My problem is that the last hidden state of the CLIP image features has shape [B, 257, 1024]
. I need to instantiate the CLIPVisionModel
from another repo, because stabilityai/stable-diffusion-2-1-base
does not have it.
This is my code:
model_id = "stabilityai/stable-diffusion-2-1-base"
text = ""
tokenizer = AutoTokenizer.from_pretrained(model_id, subfolder="tokenizer", use_fast=False,)
text_encoder = CLIPTextModel.from_pretrained(model_id, subfolder="text_encoder")
image_processor = CLIPImageProcessor.from_pretrained(model_id, subfolder="feature_extractor")
image_encoder = CLIPVisionModel.from_pretrained("laion/CLIP-ViT-H-14-laion2B-s32B-b79K")
# text
text_inputs = tokenizer(["a photo of a cat"], max_length=tokenizer.model_max_length, padding="max_length", truncation=True, return_tensors="pt")
text_features = text_encoder(**text_inputs) # [1, 77, 1024]
print(text_features.last_hidden_state.shape)
# image
image_inputs = image_processor(images=image, return_tensors="pt")
image_features = image_encoder(**image_inputs) # [1, 257, 1280]
print(image_features.last_hidden_state.shape)

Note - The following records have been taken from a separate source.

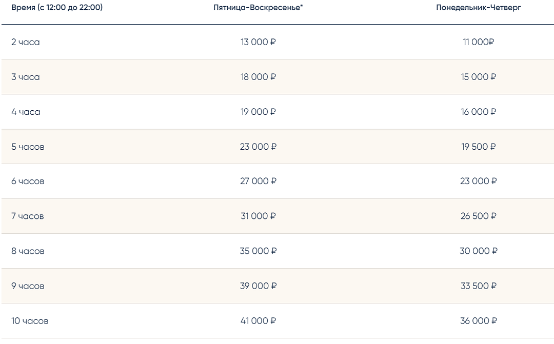- аренда ресторана (с 12:00 до 23:00) — 50000 ₽ (пн–чт), 60000 ₽ (пт–вс);
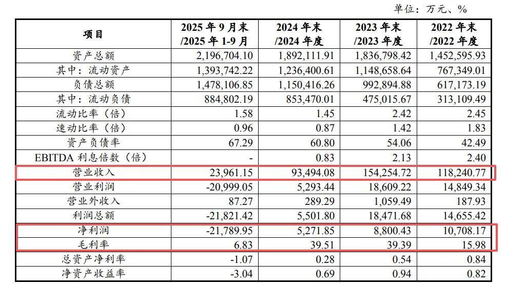 盈利能力的恶化体现在多个维度:2022年至2024年,公司毛利率分别为15.98%、39.39%、39.51%,但到2025年9月末公司毛利率骤降为6.83%,毛利润仅0.16亿元,同比锐减93.81%。
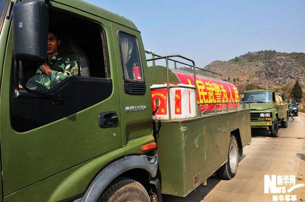 女子服务队每次都要乘坐水炮车去送水,目前武警8750部队已经出动20辆水炮车抗旱。本文图片由刘昕、杨雷、吴邦纯、贾松基拍摄
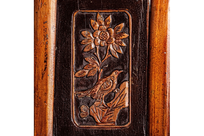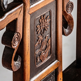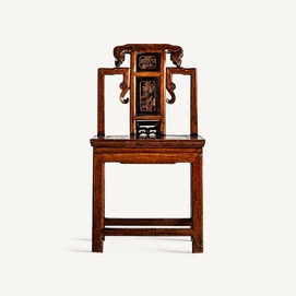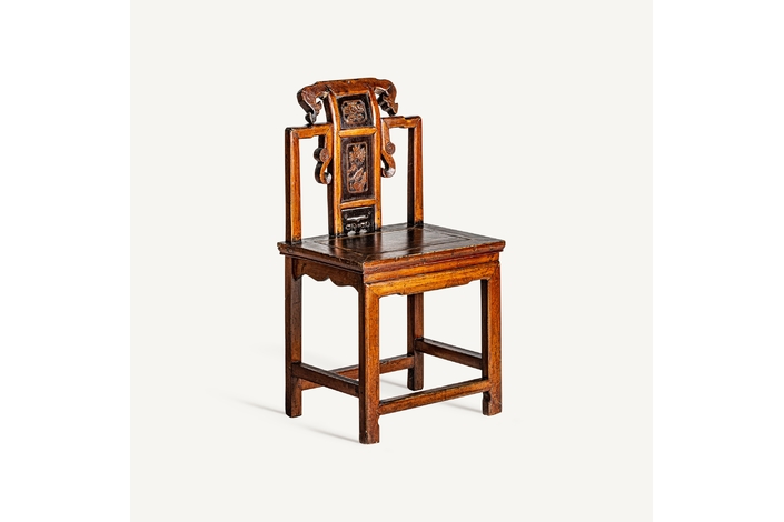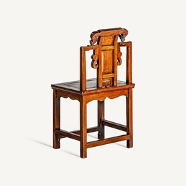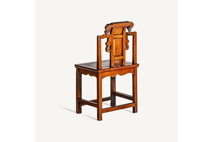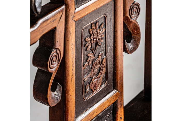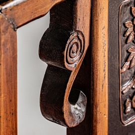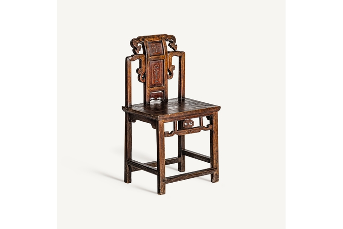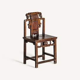 Silla saitlaw, en color marrón envejecido, de estilo oriental. Fabricado en madera de olmo.
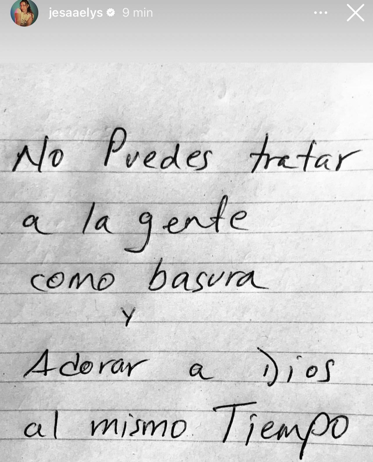 El mensaje fue publicado a través de la cuenta de Instagram de la hija mayor de Daddy Yankee y su expareja. «No puedes tratar a la gente como basura y adorar a Dios al mismo tiempo», escribió Jesaaelys, lo que ha generado controversia debido a la situación legal que involucra a su madre.
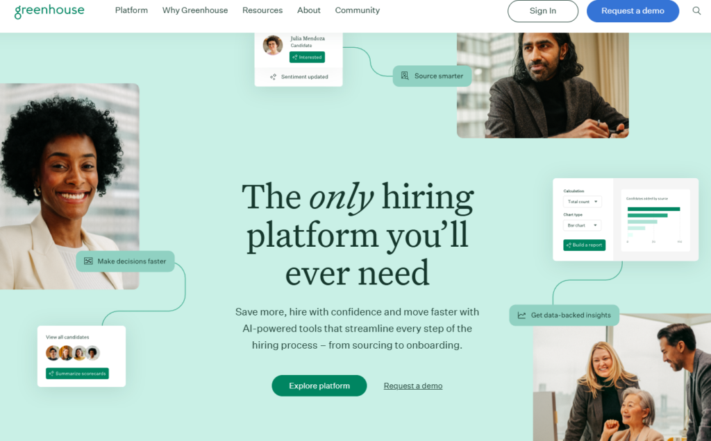 Greenhouse 是全球范围内极具影响力的招聘管理系统(ATS),以“结构化招聘”理念著称。它不仅提供基础的候选人追踪功能,更专注于帮助企业建立公平、透明且数据驱动的招聘标准,例如通过面试计分卡和标准化的反馈流程来减少招聘偏见。
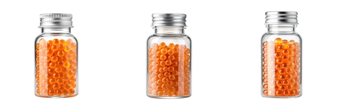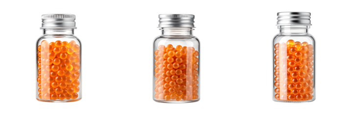 Set For Three glass bottles filled with orange beads isolated on transparent background

- Is it even possible to replace the text embeddings with image embedding directly?
- If yes, then how can I get the same shapes?
- I think that the vision- and text-encoder outputs are passed through a projection layer before loss computation during training. Would I need to map the
image_features
to the projection space and from there to the text embedding space using the linear projections?